Task details:
Repeat, exactly as they appear, the lines from the one with "A technikai tételek" through the last line of the entries below, but none of the pictures.

Task inputs:

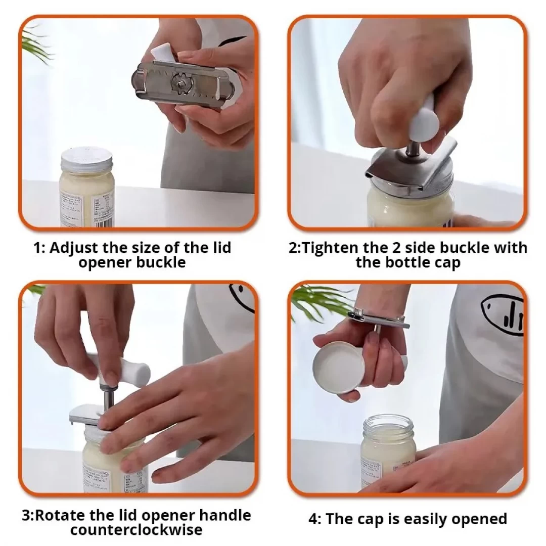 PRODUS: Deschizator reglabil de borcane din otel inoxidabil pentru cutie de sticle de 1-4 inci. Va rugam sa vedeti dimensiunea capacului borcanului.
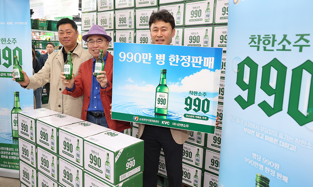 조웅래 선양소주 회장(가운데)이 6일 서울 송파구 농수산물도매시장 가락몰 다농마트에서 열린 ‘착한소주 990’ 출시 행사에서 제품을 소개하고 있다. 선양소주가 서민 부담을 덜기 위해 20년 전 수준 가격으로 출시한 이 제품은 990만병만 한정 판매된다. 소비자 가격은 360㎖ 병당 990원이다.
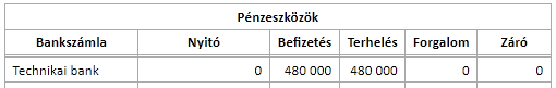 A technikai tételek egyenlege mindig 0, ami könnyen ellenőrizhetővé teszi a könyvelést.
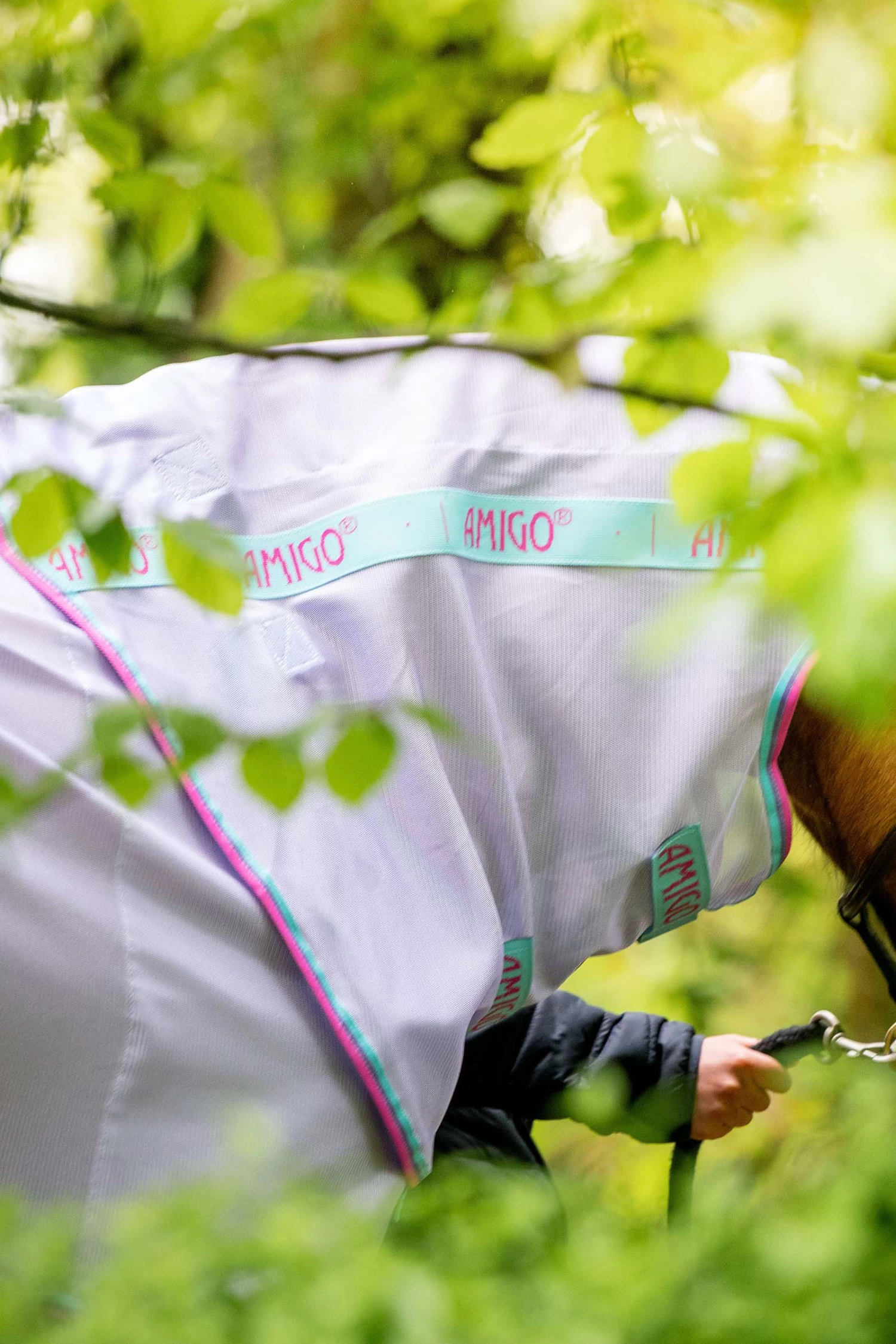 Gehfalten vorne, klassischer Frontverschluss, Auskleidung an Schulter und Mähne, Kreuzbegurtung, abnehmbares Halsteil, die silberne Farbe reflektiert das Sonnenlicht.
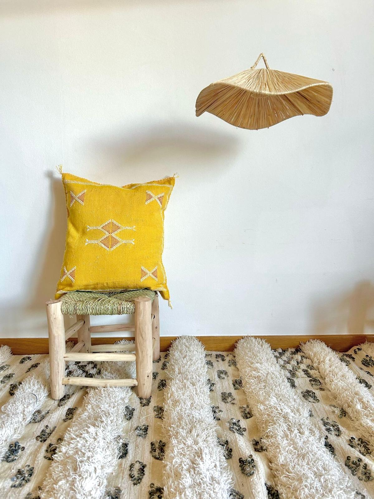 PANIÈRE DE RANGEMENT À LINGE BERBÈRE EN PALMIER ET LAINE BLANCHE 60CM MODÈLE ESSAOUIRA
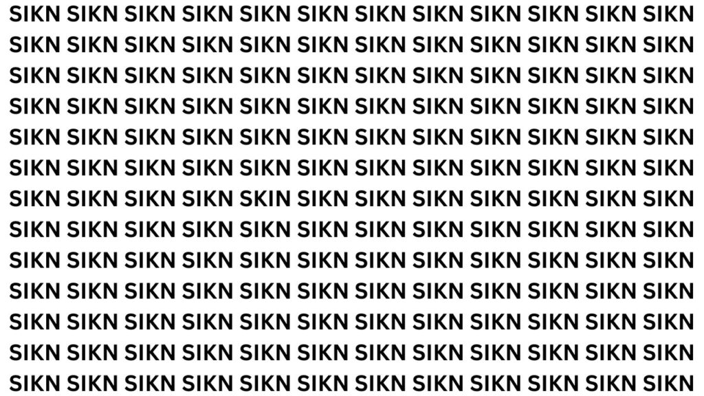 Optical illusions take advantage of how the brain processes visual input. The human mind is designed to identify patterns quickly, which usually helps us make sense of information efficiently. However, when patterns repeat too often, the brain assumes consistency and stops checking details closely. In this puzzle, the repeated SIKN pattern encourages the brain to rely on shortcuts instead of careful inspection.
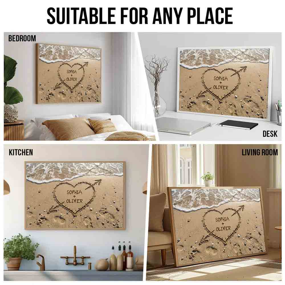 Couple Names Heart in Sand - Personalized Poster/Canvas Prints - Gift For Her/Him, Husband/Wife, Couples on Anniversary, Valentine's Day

Solution below:
 A technikai tételek egyenlege mindig 0, ami könnyen ellenőrizhetővé teszi a könyvelést.
 Gehfalten vorne, klassischer Frontverschluss, Auskleidung an Schulter und Mähne, Kreuzbegurtung, abnehmbares Halsteil, die silberne Farbe reflektiert das Sonnenlicht.
 PANIÈRE DE RANGEMENT À LINGE BERBÈRE EN PALMIER ET LAINE BLANCHE 60CM MODÈLE ESSAOUIRA
 Optical illusions take advantage of how the brain processes visual input. The human mind is designed to identify patterns quickly, which usually helps us make sense of information efficiently. However, when patterns repeat too often, the brain assumes consistency and stops checking details closely. In this puzzle, the repeated SIKN pattern encourages the brain to rely on shortcuts instead of careful inspection.
 Couple Names Heart in Sand - Personalized Poster/Canvas Prints - Gift For Her/Him, Husband/Wife, Couples on Anniversary, Valentine's Day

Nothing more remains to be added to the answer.